The rule of Sneferu, Khufu and Khafre saw the building of the most massive pyramids the country
would ever witness. Rulers of ancient Egypt’s 5th and 6th dynasty would still continue building
pyramids, but incomparable in size and complexity with the structures built during the fifth dynasty.

During the first intermediate period, Egypt nearly forgot about Pyramid building. But the
phenomenon did not stop, although pyramids would be of lesser materials and quality.
But Egyptologists argue that pyramids were tombs. Pyramid Complexes acted as divine
superstructures. This means that each major tomb in ancient Egypt was actually a tomb for the
Pharaoh.
Since in ancient Egypt, Pharaohs were deified as gods, each pyramid was part of a temple
complex that was managed and maintained by priesthood long after the Pharaoh left the Earthly
realm.
But as revealed by Lehner, the pyramid was also an economic engine, deploying people and
redistributing food through the temple complex. But this was only possible because the pyramid
was also a cosmic engine, one that would serve not only as a tomb, but a structure that made the
ensured the rule of universal order; the turning of the days and seasons as well as the flooding of
the Nile.
But Lehner doesn’t mean that the structure itself was an engine like many alternative theories
suggests, although there is compelling evidence it may have been more than just a tomb.
Lehner explains that the mechanics of the pyramid as a cosmic engine were tied to the ancient
Egyptian concept of a person and the distinct phases of life and death, referred to in ancient Egypt
as kheperu. The pyramid, in a sense, was an instrument that enabled an ancient type of Egyptian
alchemy to take place; in the distinct phases of life and death, the kheperu, the transformation
would continue when the ka,the ba, and the body interacted in the final transformation, turning into
the akh; a glorified being of light, existent in the afterlife.
The pyramid–the pyramid complex– was precisely the cosmic machine that allowed this magical
transformation to take place, meaning that even for the ancient Egyptians, the pyramid was not
only a tomb that would house the pharaohs remains.
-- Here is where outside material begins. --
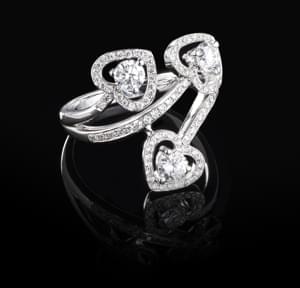 3459. *Bague ornée de trois cœurs ajourés sertis de diamants sur une m...
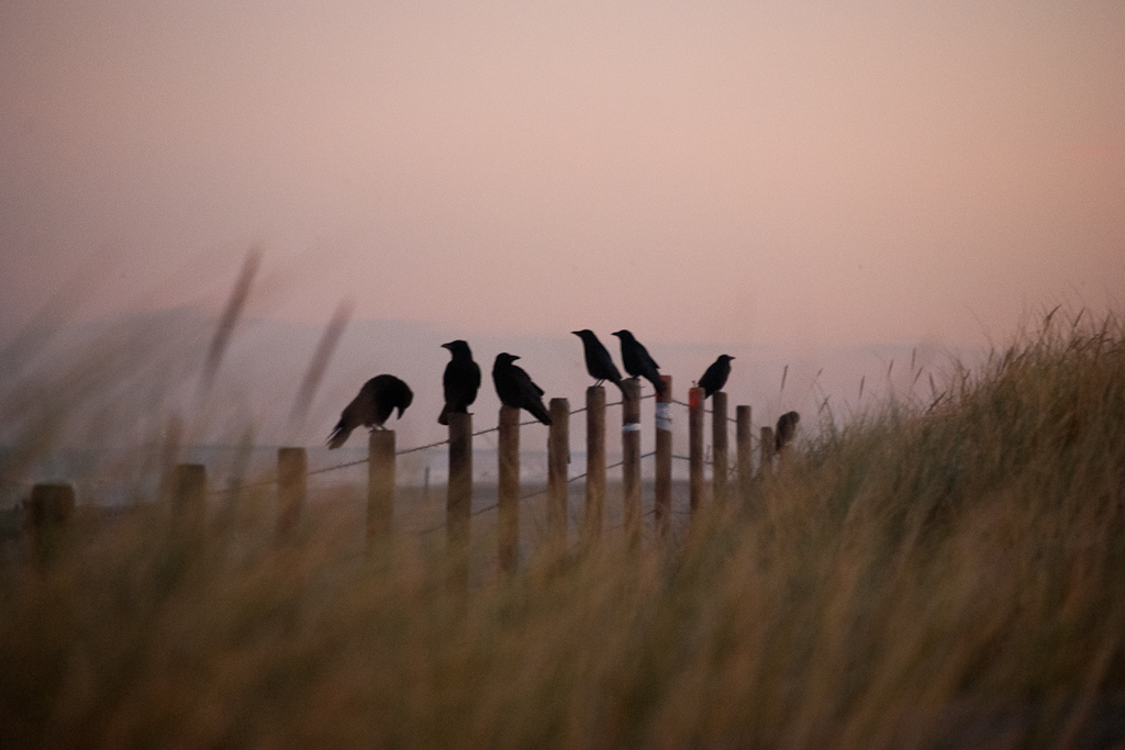 Because the weather forecast promised good weather, we cycled, still in the dark, to the beach, and when we put our bikes away, the sun peeped over the horizon in the east. Beautiful colours in the sky, the sea looked blue, and the air above the water a soft pink too. The crows sat waiting for their picture, those poles are made for them, or so they think.

The Pyramid was the instrument that allowed
the process to take place for the pharaoh, who ruled over the land as the god incarnate, and
allowed the incarnation to pass from father to son; from Osiris to Horus.
Shutterstock.
Enclosing the dangerous interface between cosmic order and the terrible formlessness of time
before the beginning, the Pyramid was better understood as the very meeting point of life and light
with death and darkness, and our earliest insights into such ideas originate from the Pyramid
Texts, sacred glyphs written on the walls of the pyramid chambers of Pharaoh Unas, from the 5th
dynasty. The Pyramid Texts explain the meaning of the pyramid as an icon and offers clues into
the burial ceremonies that took place for the god-king and the rituals that were performed by royal
priests, once the Pharaoh’s mummification process had taken place and he was entombed, setting
off the cosmic engine in motion.
Written in Old Egyptian, the pyramid texts were carved onto the subterranean walls
and sarcophagi of pyramids at Saqqara from the end of the Fifth Dynasty, and throughout
the Sixth Dynasty of the Old Kingdom, and into the Eighth Dynasty of the First Intermediate
Period.
Essentially, for the Pharaoh, the pyramid became the place of ascension and transformation. And
it is the names of the pyramids that are a tell-tale sign that pyramids were seen as places of
ascension and transformation; Khufu’s pyramid was akhet, the Horizon of Khufu. Archaeologists
have discovered a series of 5th dynasty pyramid names that make references to the rising of the
king, while five maker reference to his perfection.
In that sense, the Pyramid was a machine, a device, a sort of channel that was used not as much
as a tomb perhaps, but as a higher, cosmic engine, thousands of years ago.